Writing Program 101: Finding a Voice: Identity, Environment, and Intellectual Inquiry (Ladva) Fall 2023

Developing a Research Question

  • Research is an iterative process, meaning a cycle rather than a straight line. Assuming you have a research question in mind, you may follow a process like this:
     
    • Brainstorm search words -->
    • Explore initial search results -->
    • Refine your research question, and add or remove search words based on your initial search -->
    • Conduct a more targeted search -->
    • Evaluate results --> 
    • Check the sources used in the most promising articles or books-->
    • Repeat! -->
      <--  <--  <--

When getting started, I will look at handbooks or encyclopedias to see the way my topic is discussed.  The Oxford Bibliographies Onlne are helpful for this too.  

     For example, OBO's  "Class and Social Sturcture" refers me to the essay "Castas", a colonial Latn American system that categorized lower status people by race and social class.  Searching the term Castas opens up new primary sources (including images) as well as recent scholarly studies.

Google can sometimes provide more vocabulary and ideas too.  It is helpful to limit Google results to a specific group.     For example: 

U.S. colleges and universities -  site:.edu      castas women OR gender site:.edu

U.K. universities - site:.ac.uk      blacks atlantic history site:.ac.uk

  

Once you're ready to find scholarly literature, you'll want to use a library catalog, journal database, or research archive to help you find appropriate sources, but searches in background sources and Google can be helpful in the brainstorming phase.  For more information about developing a research question, see this tutorial.

Tips for Searching

Keywords allow you to construct a search that reflects multiple issues in your research question.
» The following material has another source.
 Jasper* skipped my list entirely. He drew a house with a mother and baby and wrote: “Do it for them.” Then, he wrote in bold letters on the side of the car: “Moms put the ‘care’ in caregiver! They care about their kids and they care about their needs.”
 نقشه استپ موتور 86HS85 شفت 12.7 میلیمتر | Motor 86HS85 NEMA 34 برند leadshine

Building sets of related concepts and looking for their overlaps gives you more relevant and precise results.  This approach is also called Boolean searching using the operators (AND, OR, NOT). 

For example, a search for economic* AND academ* will return items that contain both terms:

 

academ* OR universit* OR college* OR "higher education" makes a larger set concerning college and university education:


Resnais NOT Holocaust returns items that contain "Resnais" but not "Holocaust":




Phrase searching:

Enclose phrases in quotations marks.  This is an important strategy for getting exact results when searching phrases (e.g., "american psychological association") or conducting known-item searches for titles.

 

Nested Searching:

When pairing two or more keywords with another keyword, it is important to "nest" the related terms within a larger Boolean search.
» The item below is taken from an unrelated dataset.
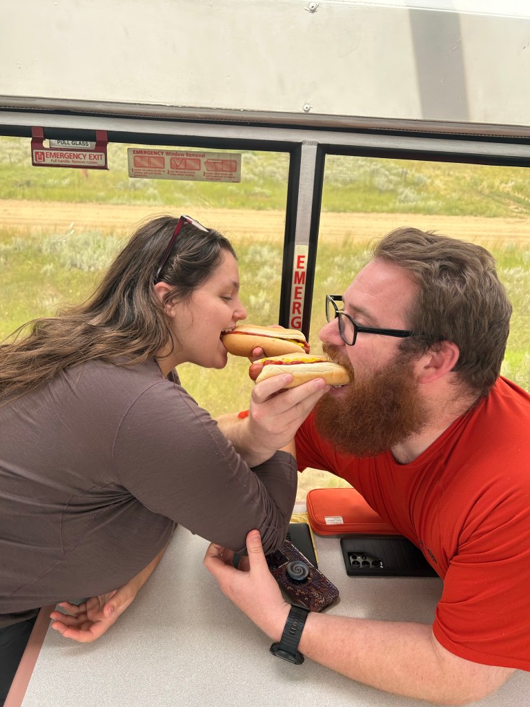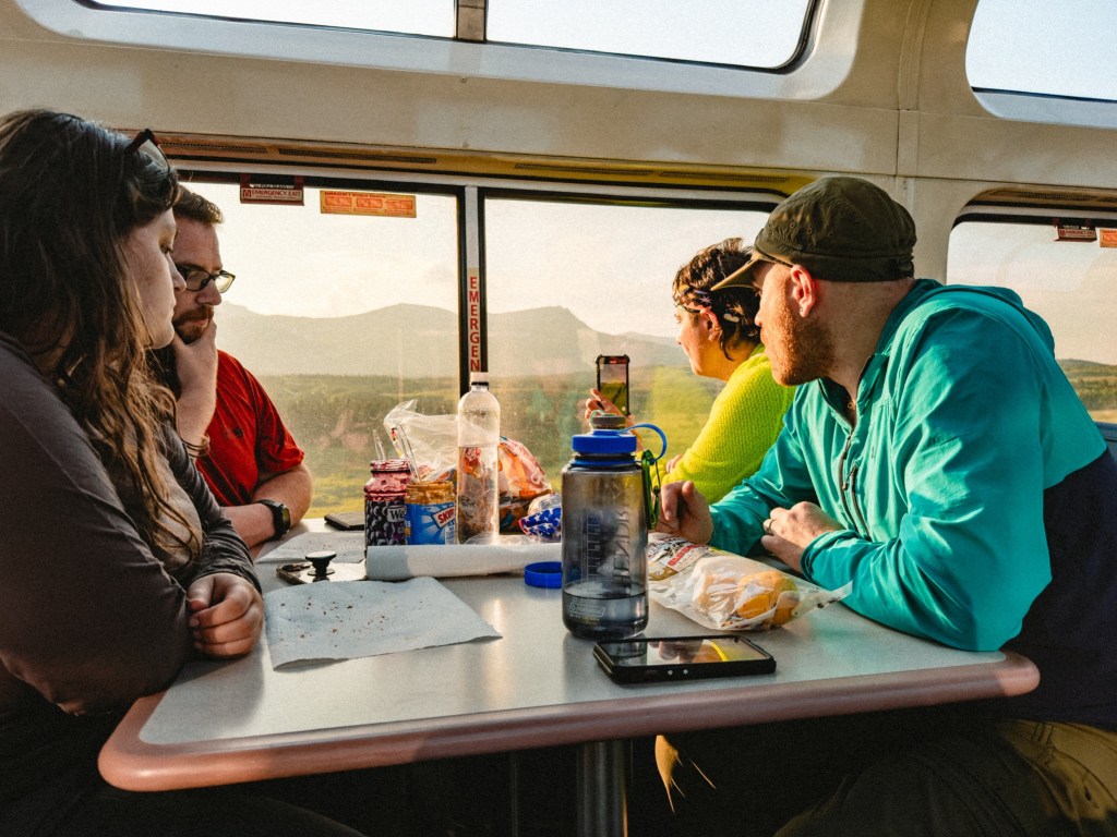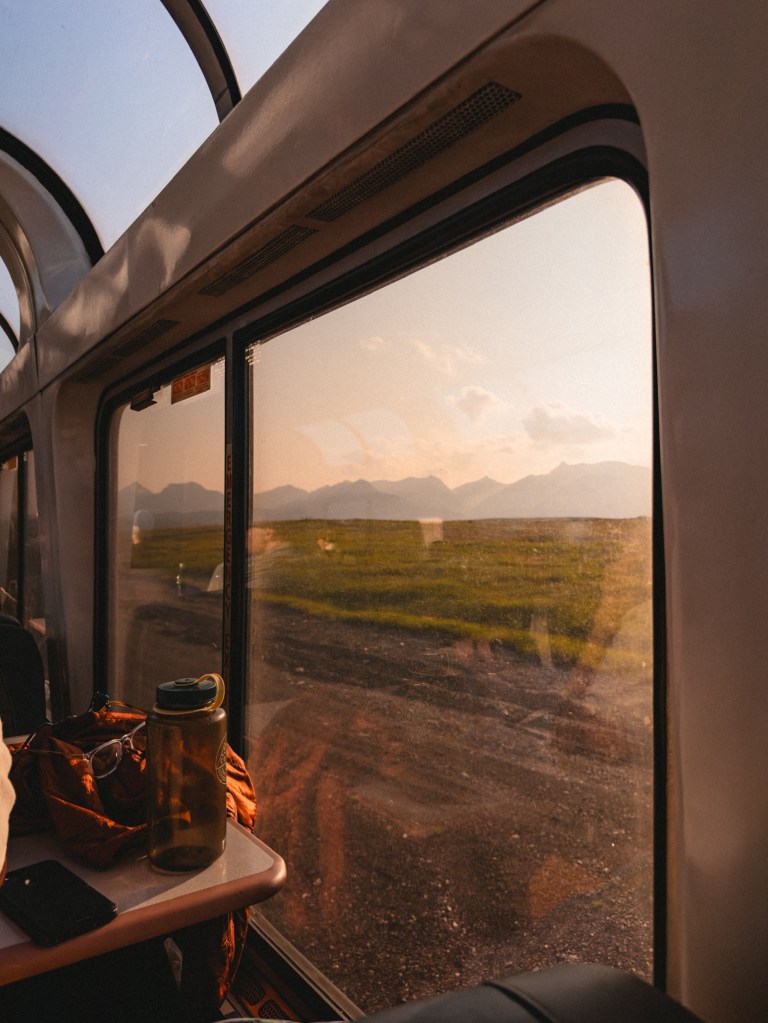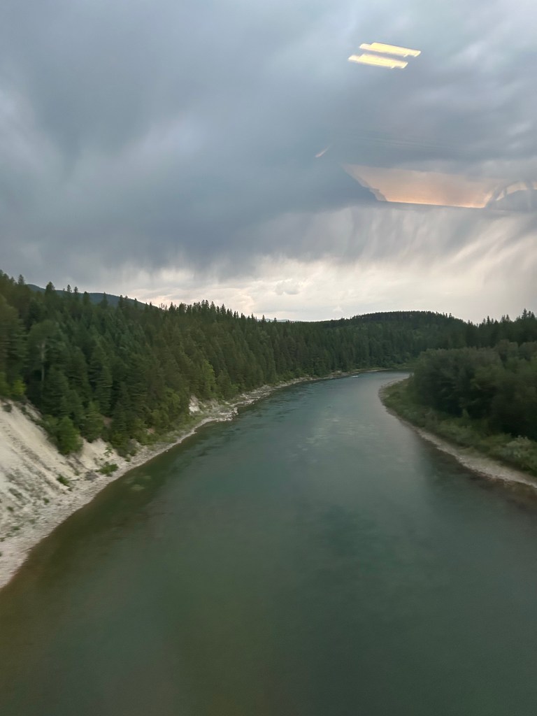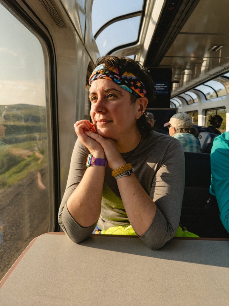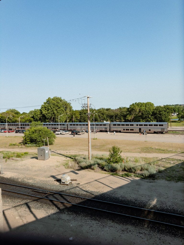 Furthermore, the observation car, which was directly behind us, provided a delightful traveling community space. The observation car had windows that went up and across the ceiling, and tables to sit around and gab. The previous evening we’d been treated to a wicked lightning storm that we watched across a lake, the light flashing with such frequency as to make a sort of static electricity metronome. We’d eaten microwave hotdogs, played Farkle (a dice game), and then all nestled back into our seats for a genuine evening of sleep.

For example, (research OR scholarship) AND humanities will return results for humanities and any one (or both) of the parenthetical terms. 

(Many catalogs or databases will have an "advanced search" option, which provides multiple search boxes to facilitate nested Boolean searching.)

 

Truncation and Wildcards:

Most catalogs and databases enable users to search variations of keywords by using truncation (*) or wildcard (e.g., ?, $, !) symbols.

For example, one could search for politic* to find poltic, politics, political, politician, and so on.

Wildcard searching works similarly: a search for wom?n will return results for both woman and women.